I have been taught that when a certain emotion lingers, to just surrender to it, feel it and allow it to be, because all it wants is just the opportunity to exist and to be acknowledged. Generally, this would bring about some sense of movement – whether it’s backward or forward, but there’s movement.


This time though, it has just raged on, without restraint. No amount of allowing, feeling and surrendering seemed to lead any some sort of reconciliatory conclusion.


But out of nowhere, suddenly, today there seemed to be just the teeniest, tiniest feeling of motion. Has the headlock been broken? Tomorrow will reveal more, for now, I am just grateful, it feels as if out of nowhere, my sense of faith and self, seemed to edge itself into a position of advantage.


Is this how a phase of endings conclude and will this minute advantage lead me back towards the centre of my being, with a valuable lesson and platform to launch from anew?


Namaste!


Love and light
Charlize

Monday, March 1, 2010

SMOKE AND MIRRORS - BATTLES AND VICTORIES



Tomorrow will mark an anniversary of the most special experience of love I have ever had. Eight months ago, I met someone who has changed my life in ways that cannot be described. That person is me.

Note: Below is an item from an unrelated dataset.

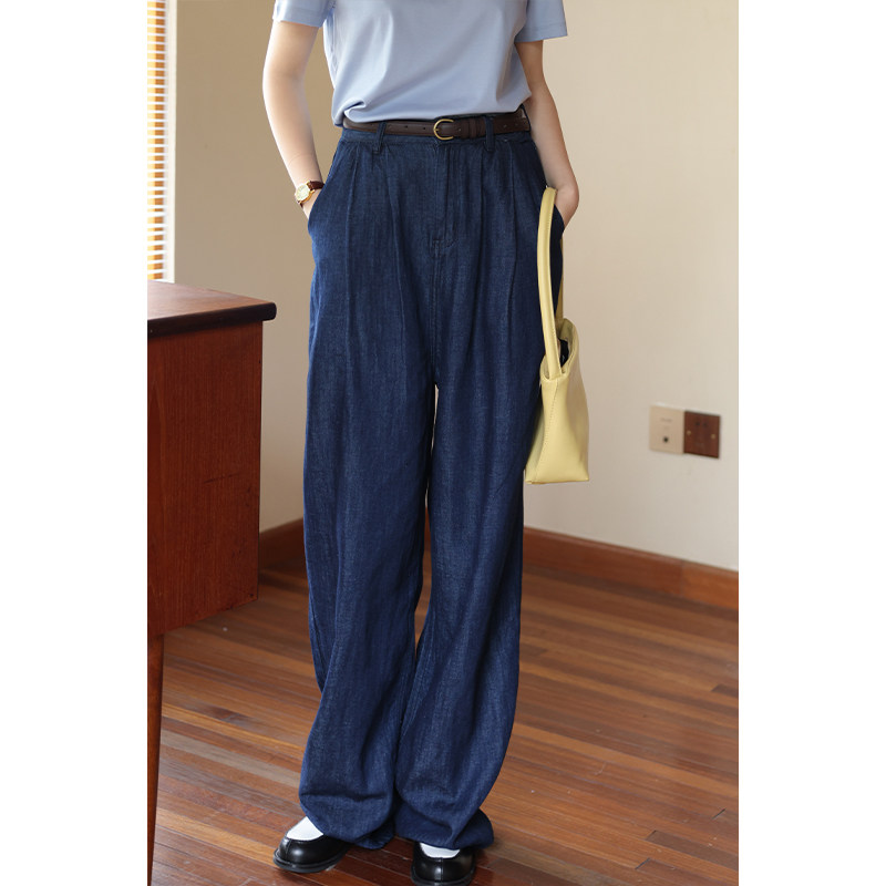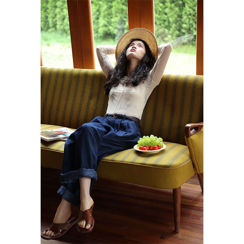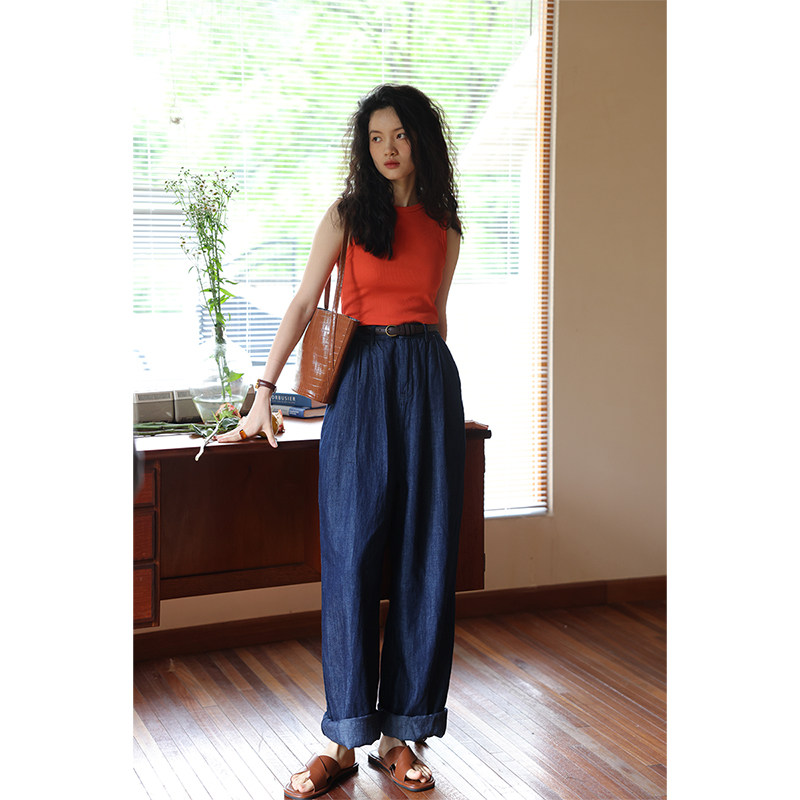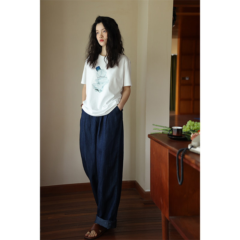 鹿与飞鸟 Джинсовые джинсы, из хлопка и льна, высокая талия

A couple of days ago a friend told me to just take time to acknowledge how far I have come – and in doing that, I have come to some amazing and profound realisations.


I have realised that I really have come a long way down the path of SELF love. A mysterious journey that began in July last year, has been unfolding, completely unnoticed by me, into a gift of love that I have been withholding from myself since childhood.


I have spent the last 13 years looking for love in all the wrong places. Falling in love with people's potential, rather than who they really were – a great disservice to them and myself. It left me devastated, hurt and lost on more than one occasion and left me feeling worthless and insignificant nearly all that time. But somewhere inside me there was also a very quiet, very distant voice that kept telling me that I deserved to be loved.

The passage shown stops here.